I disagree, and would not recommend keeping pumilio in an enclosure that size.


----------



## vivlover10 (Oct 10, 2010)

Pumilio would not be a good choice. Even a 20 gallon is pushing it for a pair. That being said a nice pair of ranitomeya would do well, vents, imitators, and variabilis.


----------



## SnakePaparazzi (Jul 20, 2008)

vivlover10 said:


> Pumilio would not be a good choice. Even a 20 gallon is pushing it for a pair. That being said a nice pair of ranitomeya would do well, vents, imitators, and variabilis.


I disagree... I keep a 1.2 of El Dorado in a 20 vert... A pair would be fine in this tank if built maximizing floor space... 

I know very experienced froggers that keep all of their pumilio in 10 gallon tanks very successfully.

-Christian


----------



## randommind (Sep 14, 2010)

SnakePaparazzi said:


> I know *very experienced* froggers that keep all of their pumilio in 10 gallon tanks very successfully.
> 
> -Christian



There are certainly those who are having success doing so. More than likely those that are, have the experience like the ones you know. In this particular case I highly doubt the OP has this experience or this thread would not exist. So while it can be done, I still do not feel we should encourage those with out experience to keep pumilio in 11 gallon enclosures.


----------



## vivlover10 (Oct 10, 2010)

I agree pumilio are to be kept in something bigger than 11 gallons. When you think about it a 200 gallon tank is tiny compared to the rainfrorest. 
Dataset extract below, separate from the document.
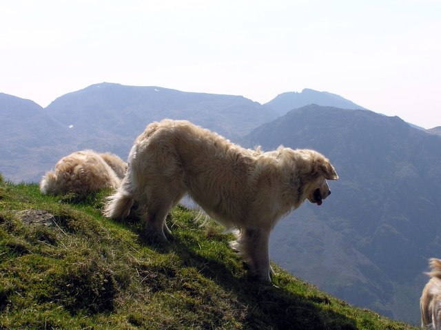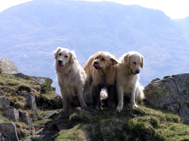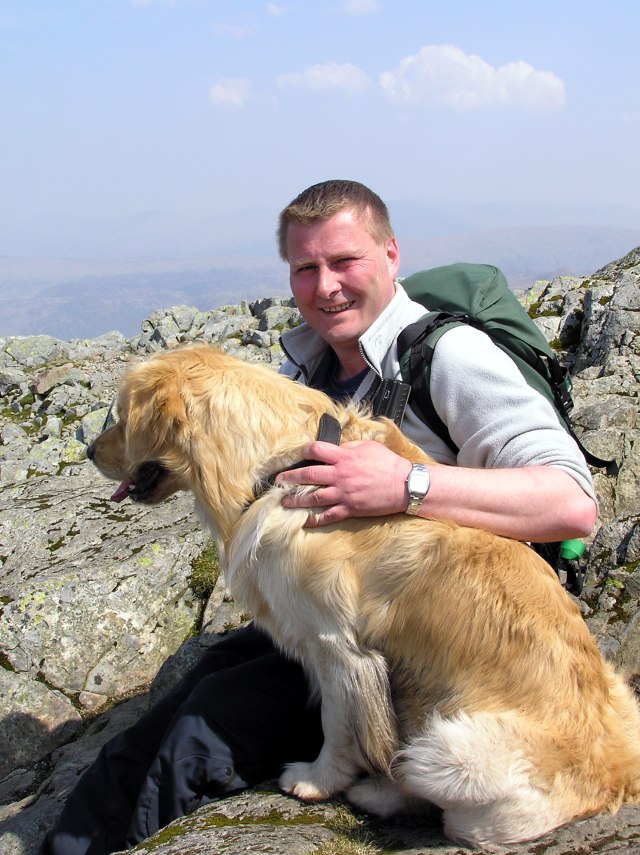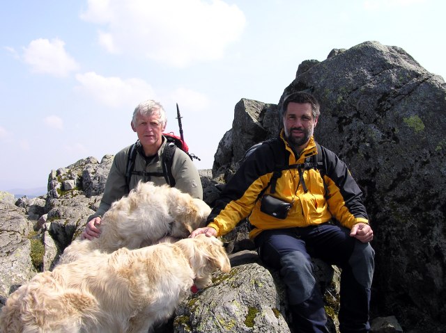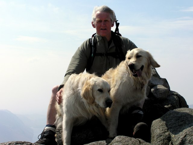 Roger and his dogs on the summit of Great Gable

I also said it was pushing I didn't say it was impossible and nobody does it. 

To the op: ranitomeya are my favorite! I also believe imitators are just as beautiful and bold as pumilio plus you can raise tads.


----------



## SnakePaparazzi (Jul 20, 2008)

My imitators have more personality than any of my frogs... They are also one of the boldest that I've seen


----------



## Lukiluk (May 24, 2010)

Pumis discarded, I'm no rookie but I will not complicate too much, or who are ill at ease, they are also quite expensive.

Within ranitomeyas, which do you prefer? had thought of some R.Amazonica, are very showy.

well, thks guys!!


----------



## vivlover10 (Oct 10, 2010)

Yeah they would Look nice. I actually thought about getting a couple but I chose varadero instead. From what I've seen they are pretty bold.


----------



## ConFuCiuZ (Jul 13, 2011)

Varaderos are my favorite thumbs. You can put a pair for the 12x12x18


----------